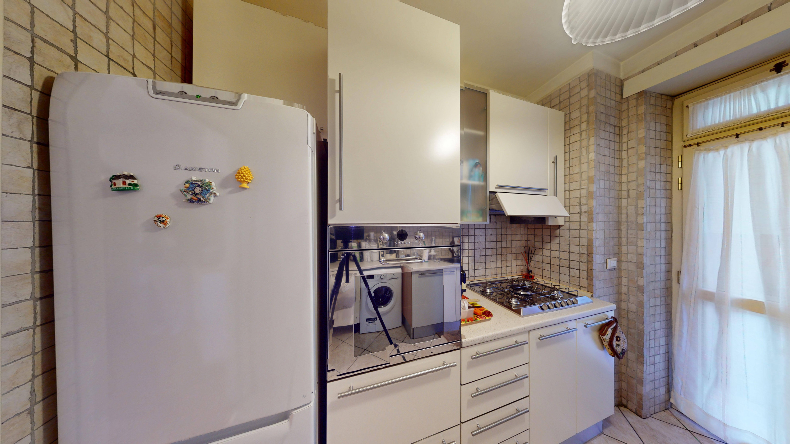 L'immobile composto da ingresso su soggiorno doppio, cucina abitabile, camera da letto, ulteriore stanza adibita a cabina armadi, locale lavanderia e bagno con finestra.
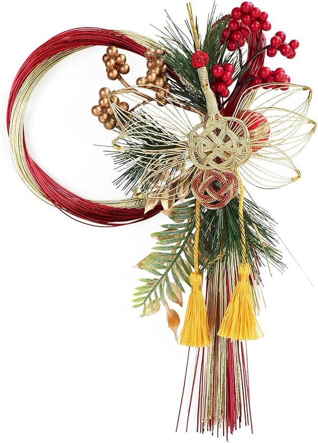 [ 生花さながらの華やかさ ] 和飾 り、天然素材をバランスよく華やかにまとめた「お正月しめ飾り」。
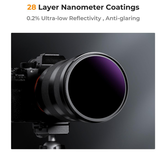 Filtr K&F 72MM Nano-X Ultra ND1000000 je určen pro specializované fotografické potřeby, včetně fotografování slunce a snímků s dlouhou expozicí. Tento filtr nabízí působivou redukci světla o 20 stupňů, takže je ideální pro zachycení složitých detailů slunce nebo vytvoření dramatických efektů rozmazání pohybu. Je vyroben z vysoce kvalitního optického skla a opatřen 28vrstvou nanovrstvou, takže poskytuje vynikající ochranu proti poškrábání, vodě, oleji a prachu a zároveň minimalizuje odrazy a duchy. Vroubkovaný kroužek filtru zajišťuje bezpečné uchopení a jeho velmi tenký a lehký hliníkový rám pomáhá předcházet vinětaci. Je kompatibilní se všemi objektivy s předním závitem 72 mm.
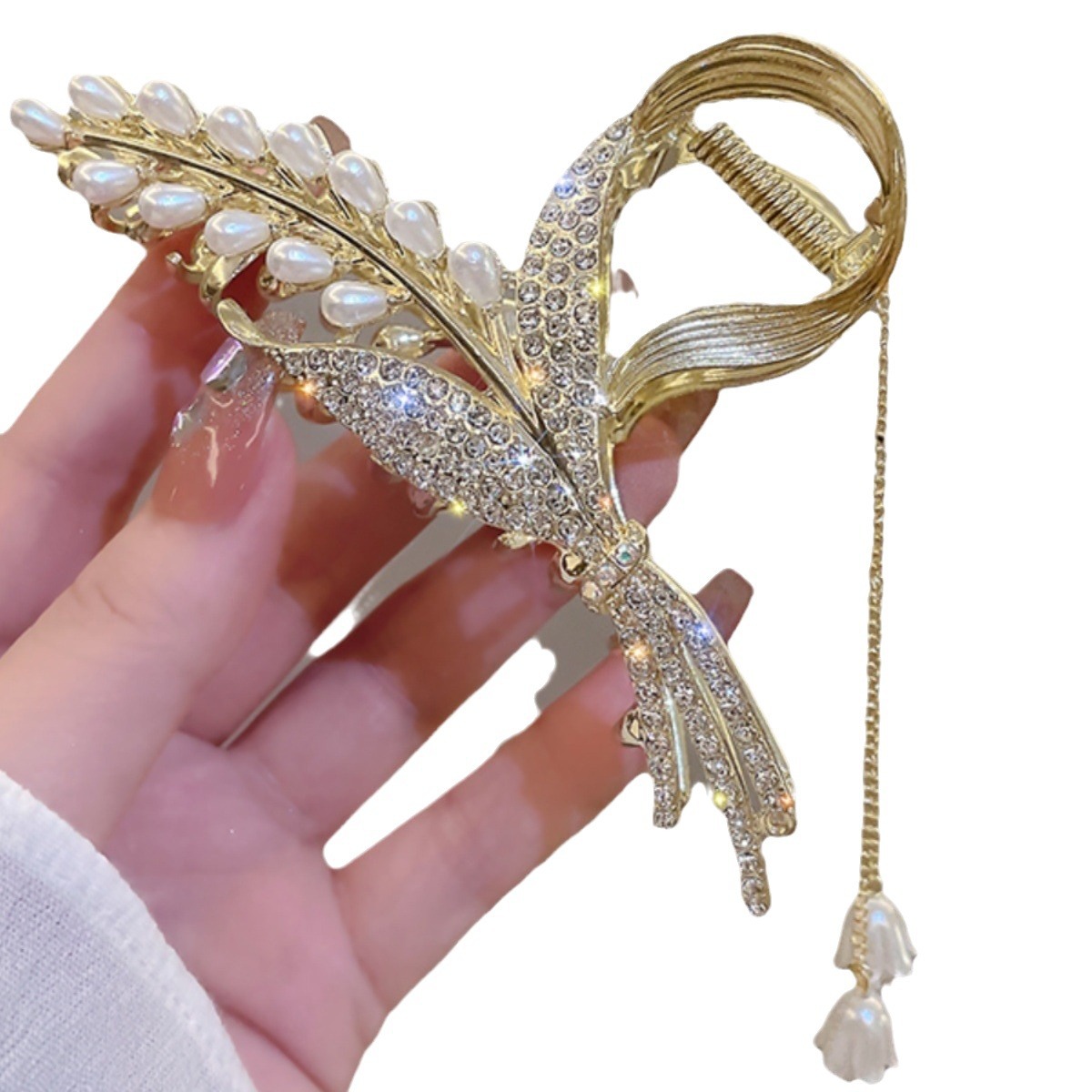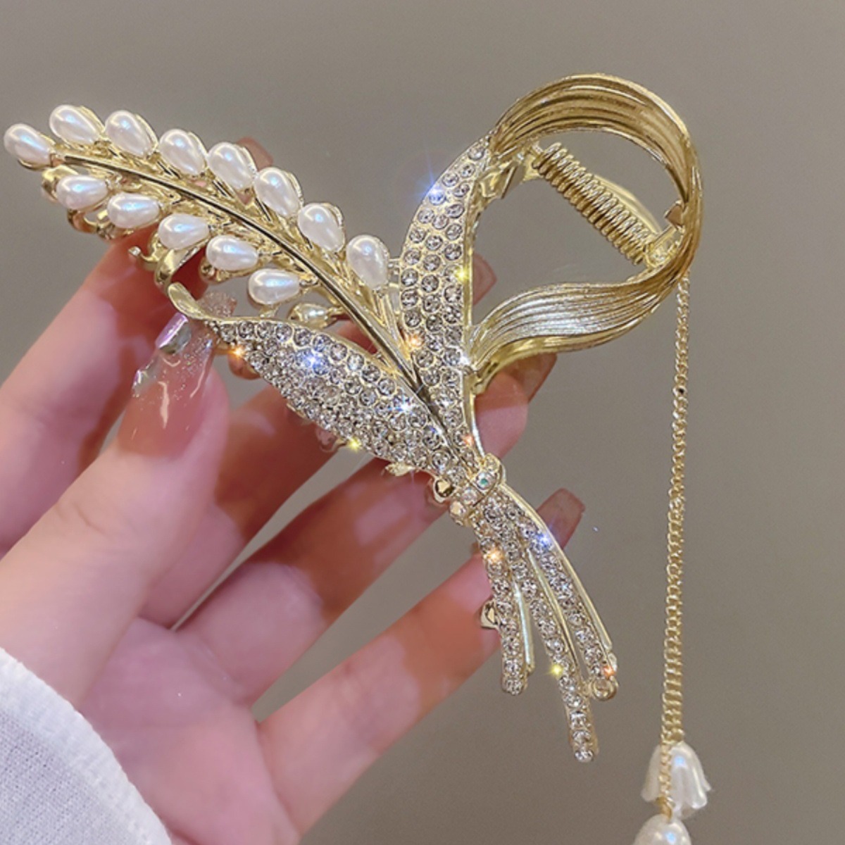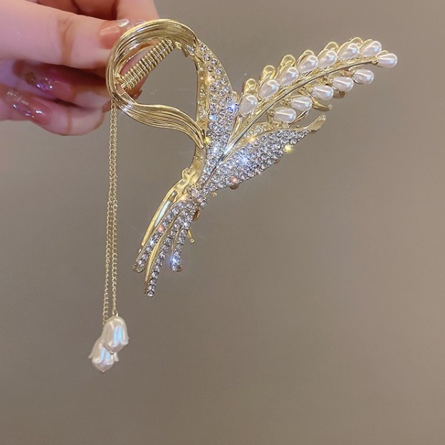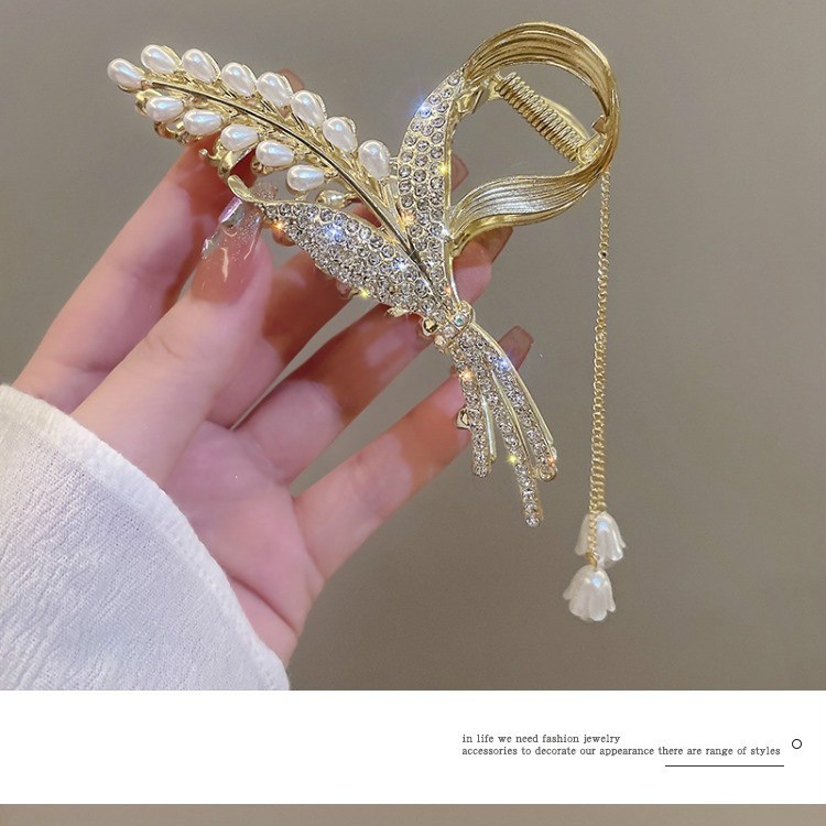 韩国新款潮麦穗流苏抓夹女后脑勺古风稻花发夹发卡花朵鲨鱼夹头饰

----

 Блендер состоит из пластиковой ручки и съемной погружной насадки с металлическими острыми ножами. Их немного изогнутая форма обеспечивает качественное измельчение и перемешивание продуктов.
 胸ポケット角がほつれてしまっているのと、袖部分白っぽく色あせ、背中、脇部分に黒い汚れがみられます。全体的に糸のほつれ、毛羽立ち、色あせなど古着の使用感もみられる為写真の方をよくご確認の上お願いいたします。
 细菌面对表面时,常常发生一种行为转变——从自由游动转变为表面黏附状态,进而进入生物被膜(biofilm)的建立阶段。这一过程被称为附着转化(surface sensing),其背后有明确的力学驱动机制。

----

### What the task requires:
Keep both end lines and retype everything in the records above from the line containing "Блендер состоит из" through the line containing "细菌面对表面时,常常发生一种", exactly, with nothing else.

### Result:
 Блендер состоит из пластиковой ручки и съемной погружной насадки с металлическими острыми ножами. Их немного изогнутая форма обеспечивает качественное измельчение и перемешивание продуктов.
 胸ポケット角がほつれてしまっているのと、袖部分白っぽく色あせ、背中、脇部分に黒い汚れがみられます。全体的に糸のほつれ、毛羽立ち、色あせなど古着の使用感もみられる為写真の方をよくご確認の上お願いいたします。
 细菌面对表面时,常常发生一种行为转变——从自由游动转变为表面黏附状态,进而进入生物被膜(biofilm)的建立阶段。这一过程被称为附着转化(surface sensing),其背后有明确的力学驱动机制。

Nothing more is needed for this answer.